Indien de patiënt zelf een meting doet, kan men deze ook ingeven en aangeven dat de "meting door patiënt" werd gedaan, door op de P te klikken en het uur van de meting in te geven.

Als men klikt op het lege veldje naast "Product" krijgt men een speciaal invoerveld: alle Insuline producten die hier ooit in je tablet werden ingegeven in het verleden worden bewaard en komen tevoorschijn in de groene vakjes. Nieuwe producten worden ook bewaard per toestel.

A31.png

Voetinspectie

Voetinspectie, als onderdeel van het diabetesdossier, kan men uitgebreid invullen in het tabblad naast diabetes. A32.png

Medicatieschema

Palliatief

Voor palliatieve patiënten kan men hier de pijnkaart aanvullen, dit is dezelfde als die we bij de opvolging zagen.
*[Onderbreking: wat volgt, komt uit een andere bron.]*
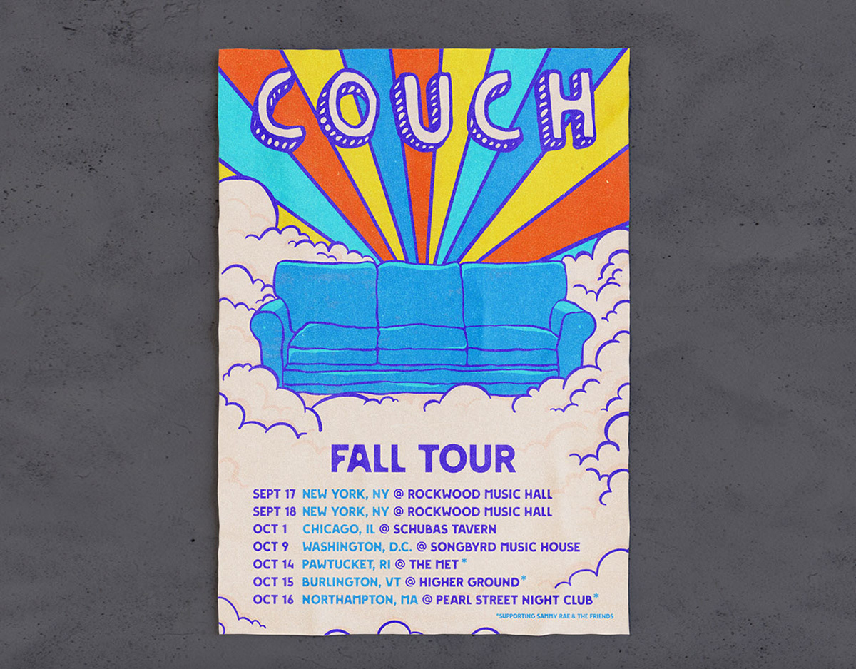 This cover was directly inspired by the 2021 Fall Tour poster I created for Couch! That was our first project together, making this vinyl super special for me. I loved reimagining a previous work in a new format.
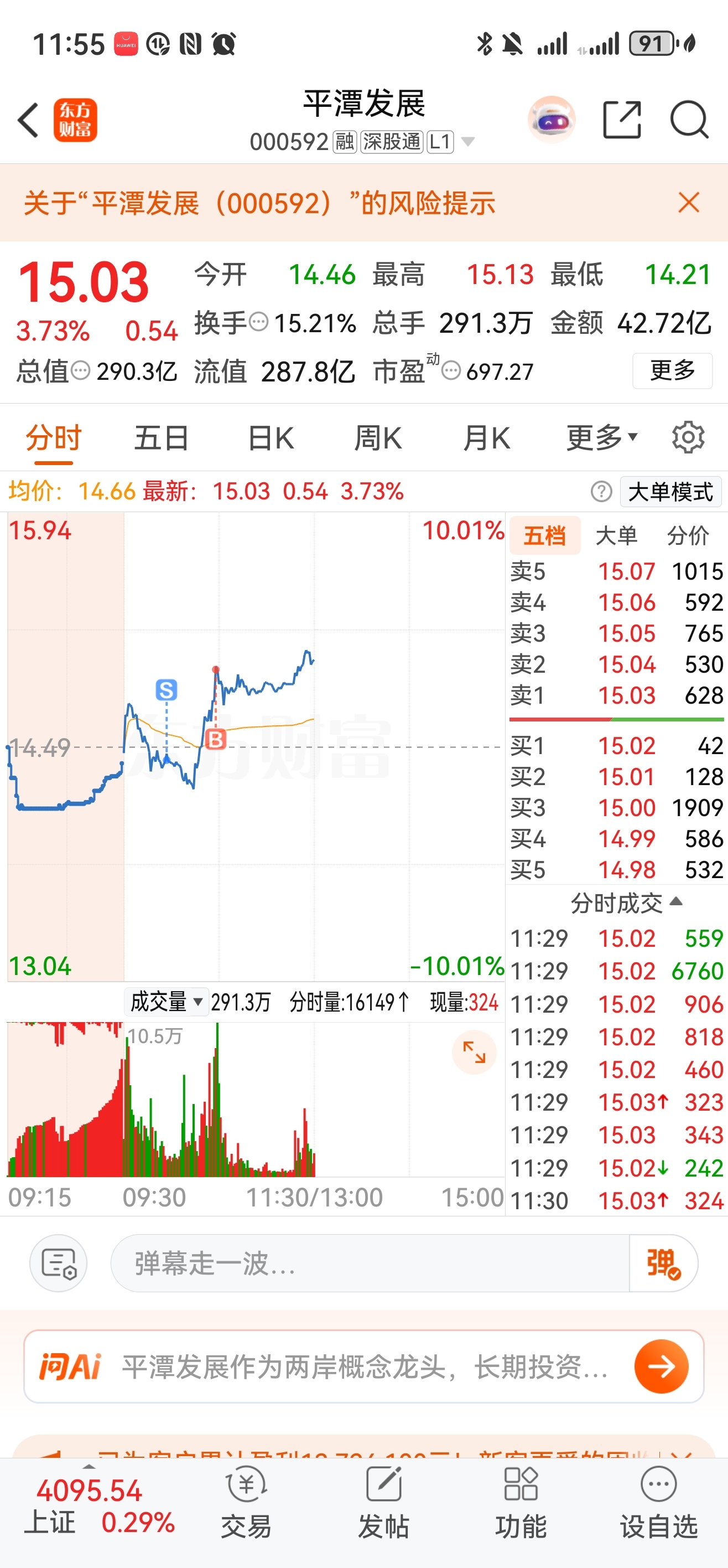 $平潭发展(SZ000592)$ 啥意思?我从元旦扛到现在,实在扛不住了,一卖你就给我涨,又补进来了
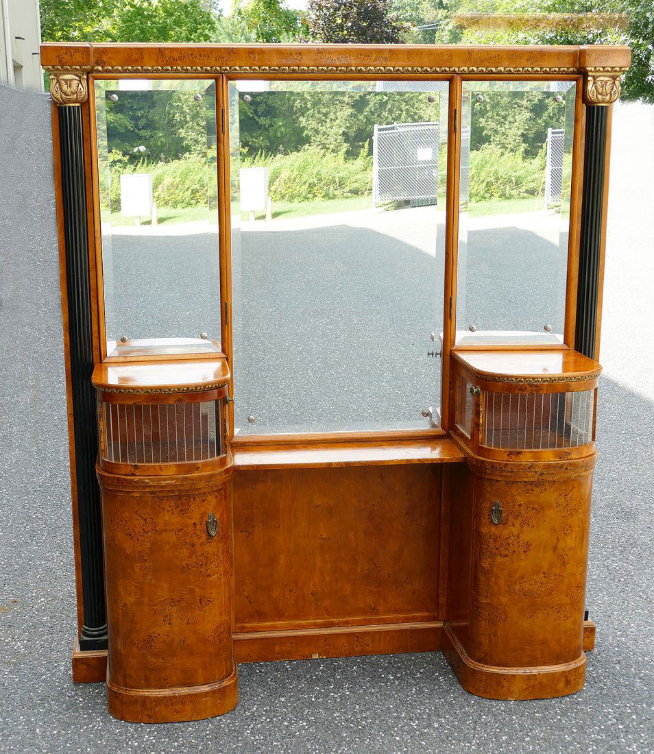 Art Deco Burl Triptych Mirrored Dressing Table
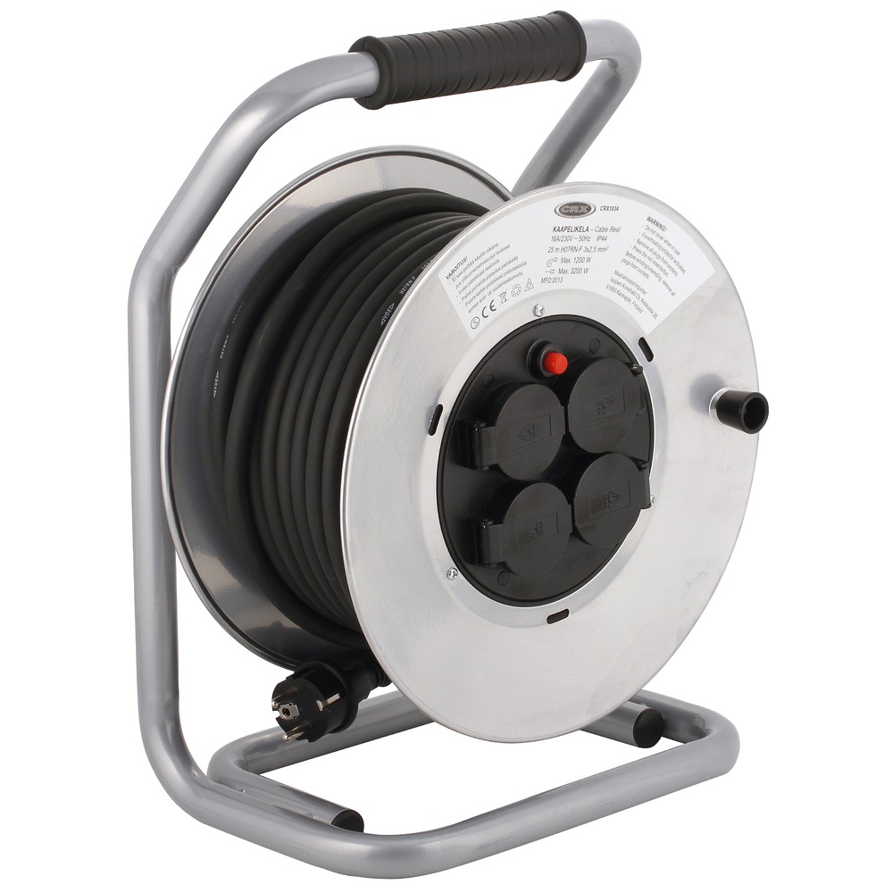kumi-/neopreenikaapeli 25 m (H07RN-F 3x2,5 mm²) - max. kuormitus kelalla 1200 W, kelalta purettuna 3200 W - varustettu ylikuumenemissuojalla - neljä maadoitettua, roiskevesisuojattua pistorasiaa... Lue lisää
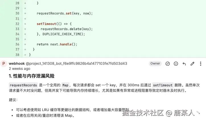 目前在我们团队,已经全面的在使用 AI 进行 Review 了,涵盖了前端、后端大大小小 20 + 的项目。得益于在集团内可以使用像(“GPT-4.1、 Calude”)这样更大上下文、更强推理能力的模型,所以整体效果是非常不错的。有时候一些很细微的安全隐患、性能、业务逻辑等问题,AI 都能比人更容易发现。
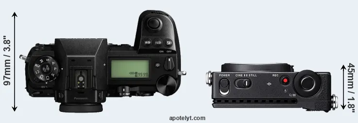 The physical size and weight of the Panasonic S1 and the Sigma fp are illustrated in the side-by-side display below. The two cameras are presented according to their relative size. Three successive views from the front, the top, and the rear are shown. All width, height and depth measures are rounded to the nearest millimeter.
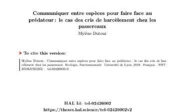 Communiquer entre espèces pour faire face au prédateur : le cas des cris de harcèlement chez les passereaux
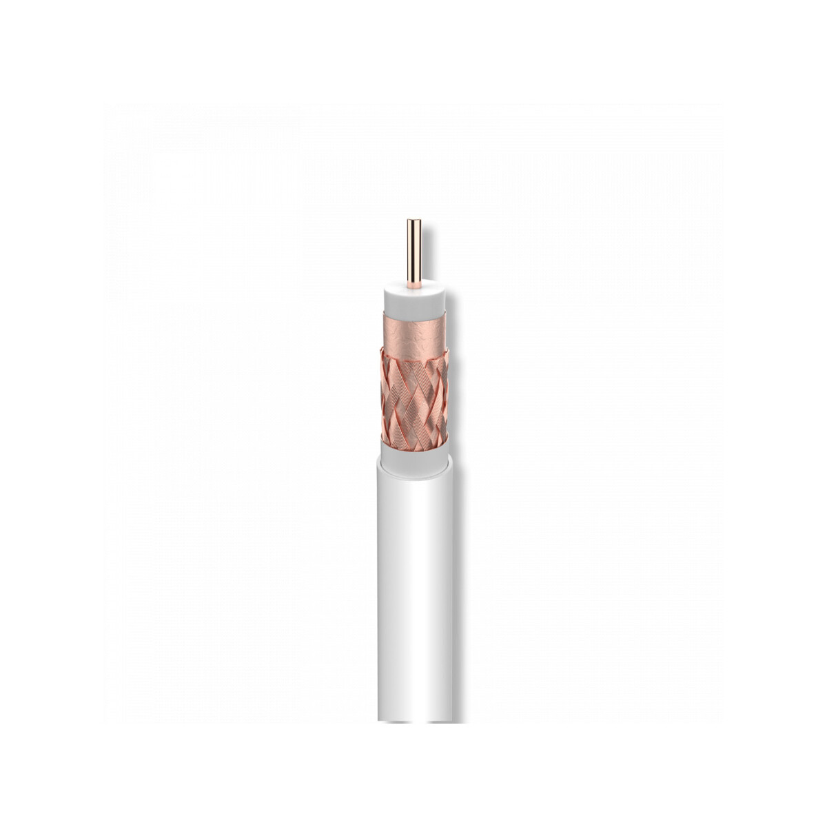 Kabel koncentryczny RG-6 z żyłą miedzianą i miedzianym oplotem (Cu/Cu) o 73% pokryciu. Kabel 16VAtC, podwójne ekranowanie, osłona zewnętrzna: PVC.

Via de knop “Historiek” onderaan het scherm krijgt men een overzicht over de bezoeken heen:

Anamnese

Via het tabblad "Anamnese", kan men de anamnese van de patiënt bekijken en eventueel zaken toevoegen. U kan een medische diagnose, een pathologie, een allergie, leefgewoonten enz. toevoegen door op de knop onderaan "anamnese" te drukken.

Deze kan men een begin of einddatum geven.
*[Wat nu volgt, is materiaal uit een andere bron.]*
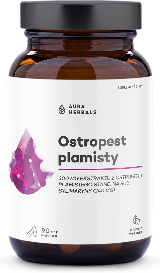 Opis Suplement diety oparty na ekstrakcie z nasion ostropestu plamistego (Silybum marianum) o stosunku DER 20:1, standaryzowanym na 80% sylimaryny. Formuła clean label – bez konserwantów, barwników i substancji zapachowych. Kapsułki Vcaps® z celulozy roślinnej barwione naturalnym koncentratem z marchwi, w pełni odpowiednie dla wegan i wegetarian. Składniki Ekstrakt z nasion ostropestu (Silybum marianum) DER 20:1 standaryzowany na 80% sylimaryny, inulina, L-leucyna, otoczka kapsułki: hydroksypropylometyloceluloza (barwnik: koncentrat marchwi). 1 kapsułka zawiera: Ekstrakt z ostropestu plamistego DER 20:1, w tym: 300 mg* 80% sylimaryny - 240 mg* L-leucyna - 10 mg* * brak Referencyjnej Wartości Spożycia Charakterystyka Sylimaryna wspiera ochronę komórek wątroby przed stresem oksydacyjnym, wspomaga naturalne procesy detoksykacji organizmu i regenerację błon komórkowych wątroby. Produkt wzmacnia też prawidłowe funkcjonowanie układu trawiennego. Stosowanie 1 kapsułka raz dziennie podczas posiłku, popić dużą ilością wody. Nie przekraczać rekomendowanej dziennej porcji do spożycia. Przeciwwskazania Nadwrażliwość na składniki preparatu. Dzieci, kobiety w ciąży i karmiące piersią (stosowanie tylko po konsultacji z lekarzem). Ostrzeżenia i środki ostrożności Nie stosować jako zamiennik zróżnicowanej diety Przechowywać w suchym miejscu, w temperaturze 15–25 °C, poza zasięgiem małych dzieci Produkt wyłącznie do użytku zewnętrznego (suplementacja) Działania niepożądane W rzadkich przypadkach możliwe łagodne dolegliwości żołądkowo-jelitowe lub reakcje alergiczne. W razie nasilenia objawów przerwać stosowanie i skonsultować się z lekarzem. Przechowywanie Przechowywać w oryginalnym, szczelnie zamkniętym opakowaniu, w suchym i zacienionym miejscu, w temperaturze 15–25 °C, z dala od dzieci. Producent Aura Herbals Sp. z o.o. ul. Grunwaldzka 49/2 80-309 Gdańsk
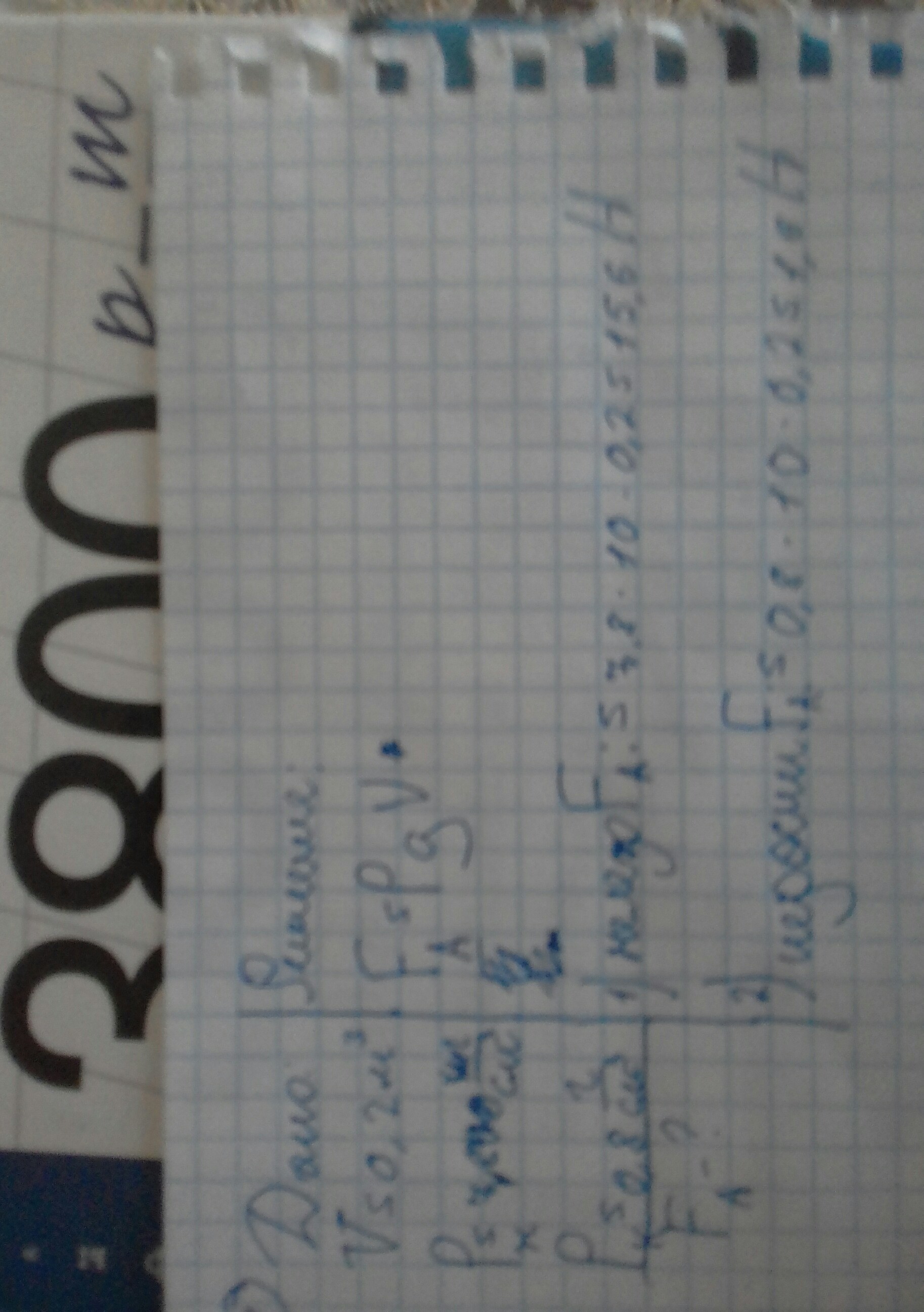Определить выталкивающую силу действует на него при полном погружении в воду и керасин

Men kan ook aandoeningen opzoeken volgens de Belgische Unieke Identificator (IBUI genoemd) en zo een klinisch label selecteren. U geeft bijvoorbeeld de zoekterm "hoofdpijn" in en dan krijgt u alle aandoeningen met de term hoofdpijn.

Foto's

In de tablet zit een ingebouwde camera, waarmee je foto's kan maken (bijvoorbeeld interessant bij wondzorg) en deze aan het dossier kan toevoegen. Druk je op "nieuwe foto", dan opent er een nieuw scherm, neem foto. Van zodra het toetsenbord verschijnt om commentaar bij de foto in te geven, is de foto genomen. Deze wordt automatisch aan het dossier toegevoegd van waaruit je het bezoek afhandelt.

Via historiek kan men alle foto's van deze patiënt bekijken die ervoor werden genomen.

Besluit

Nadat de nodige tabbladen zijn aangevuld, klikken we op “Terug” en keren we terug naar de werklijst. De volgende patiënt wordt automatisch geselecteerd in je werklijst, met de bijhorende uit te voeren zorgen.

Bij de vorige patiënt kan je merken dat de zorgen in het groen (ingelezen ID) of blauw (niet-ingelezen ID) staan nu en dat de zorgcodes onderlijnd zijn als er commentaar werd gegeven bij de zorg. Op die manier werkt men de hele werklijst af.